In the Mills case, the bond was not dated, but was approved on the 23rd day of January, A. D. 1895. The scire facias alleged. that the date of the bond was the same as the date of its approval by the officer. Under such facts, this court held that no variance existed between the bond and the scire facias, under the rule that, where the bond is not dated, it will, in the absence of a contrary showing, be presumed to have been executed on the date it was approved by the officer.

In the instant case, the bond was not dated. The scire facias alleged the date thereof to be that on which the sheriff approved it. Such was the exact situation existing in the Mills case; and, unless there exists another reason requiring a contrary conclusion, the Mills case is controlling here. There does, however, exist in this case a reason why the Mills case does not, and cannot apply here. ■ This difference rests in the fact that the bond in the instant case required the principal to appear before the District Court of Wood County on “the 10th day of February, A. D. 1941,” which was one day prior to the date of the approval of the bond by the sheriff.

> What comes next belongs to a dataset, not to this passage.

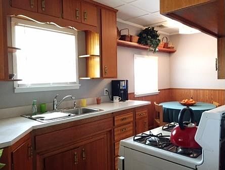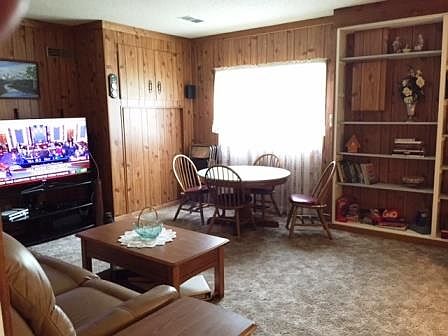 This home offers so much for $82,500 over 1500 sq. foot of living space, 2 large living spaces, eat-in-kitchen, enclosed breeze way between home and garage that makes a great space to entertain for holiday meals & parties. There is also a screen in patio, over sized double garage and a single detached garage sitting on a corner lot with garden area. Stove, refrigerator, washer & dryer included.

If the presumption be here applied that the bond was executed on the day of its approval by the sheriff, in the absence of a date of execution shown on the bond, then we would have a bond which required the principal to appear at a date anterior to the time the bond was executed, which would render the bond invalid as being impossible of performance by the principal. Butler et al v. State, 19 S. W. 676, 31 Tex. Cr. R. 63.

From what has been said, it is apparent that the Mills case is neither applicable nor controlling. The variance, as insisted by appellants, existed, and the rule announced in the O’Clare case is controlling.

The judgment of the trial court is reversed and the cause remanded.

The foregoing opinion of the Commission of Appeals has been examined by the Judges of the Court of Criminal Appeals and approved by the Court.